Когда, почувствовав потребность вздохнуть, он вынырнул на поверхность и с бота его спросили, что он видел в глуби, Гарри ответил:

— Ужас…

Может быть, Гарри Пальман оказался неспособным вынести новый мир? Столкновение с неизвестным далось ему слишком трудно? Дважды пришлось Гарри Пальману спасаться бегством от акул под защиту электроробота; сородичи-дельфины чувствовали в нем что-то несвойственное, отвергали его, угрожая зубами; невидимая морская мелочь рвала ему плавники, заставляла метаться и выпрыгивать из воды.

— Мистер Баттли, — просил он, когда его возвращали в спокойный вольер, — я не могу этого вынести.

— Терпение, Гарри, — отвечал шеф. — Привыкайте.

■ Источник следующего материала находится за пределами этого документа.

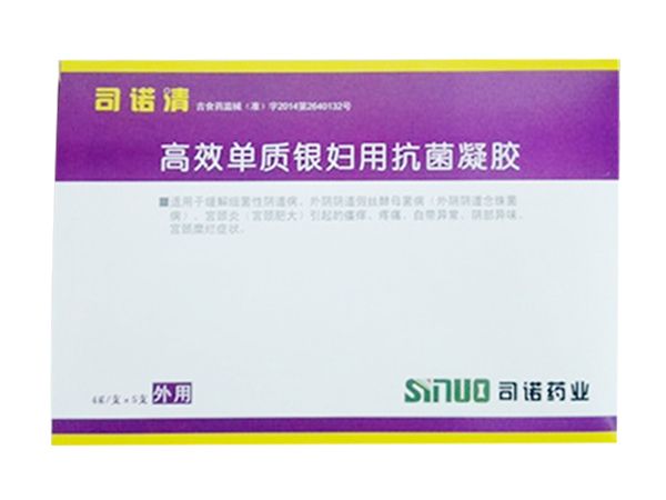 高效单质银妇用抗菌凝胶是由金属银利用前沿的超纳米技术和高温旋转分散技术而制取的粒径在10~50nm之间,分散均匀稳定、不易积聚的液态单质银抗菌液。抗菌活性高,可杀死650多种病原微生物,特别是对耐药病原菌大肠杆菌、金葡萄球菌、白色念珠菌、绿脓杆菌、化脓链球菌、厌氧菌等有全面的抗菌活性;对沙眼衣原体、引起性传播性疾病的淋球菌也有强大的杀菌作用。

— Я хотел бы прекратить опыты, — настаивал Гарри. — Это мне не под силу.

— Впереди еще главное.

— Что главное, мистер Баттли?

— На это свой день, Гарри, и свой час.

— Но я не могу!

— Привыкнете.

— Мистер Баттли…

— Контракт, Гарри. Вы же согласились, — напоминал Баттли.

Это смиряло подопытного.

— Дайте мне отдохнуть, — просил он.

— Не забывайте, что времени у нас месяц. Испытания впереди.

— Что впереди?..

Шеф пожимал плечами. Похоже, он не знал, какие испытания будут, или ожидал на этот счет указаний от руководства института.

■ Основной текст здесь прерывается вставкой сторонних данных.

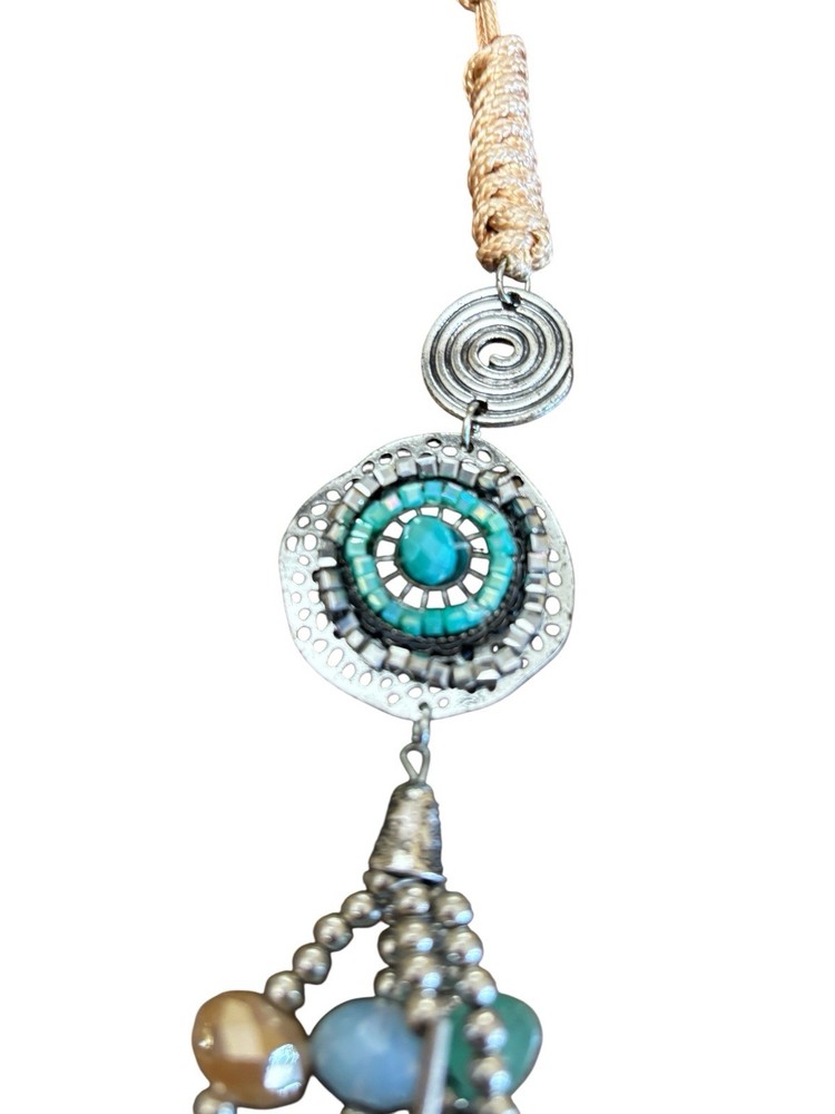 The Coco Necklace is a statement piece with a unique color combination of green, blue, tan, turquoise, and silver. This beaded necklace features a lobster closure and a necklace length of 22 inches with an extension , making it a versatile accessory for various occasions such as Mother's Day, weddings, anniversaries, birthdays, and Valentine's Day. With its beauty and fashion-forward design, this boutique piece is sure to add a pop of color and style to any outfit. This necklace was purchased at a boutique and worn a couple times.

В конце концов успех опыта был успехом не одного только Баттли. Выше него стоял ученый совет, еще выше — дирекция, связанная с государственным аппаратом. Достижения института становились достижениями государства. И чем значительнее были достижения, чем больше возможностей они предоставляли, тем крепче брало государство эти достижения в руки. Баттли, Глен Эмин, Гарри?.. В большом деле они безличны и безразличны. Важен результат их работы, а государство пользовалось результатом как ему было угодно.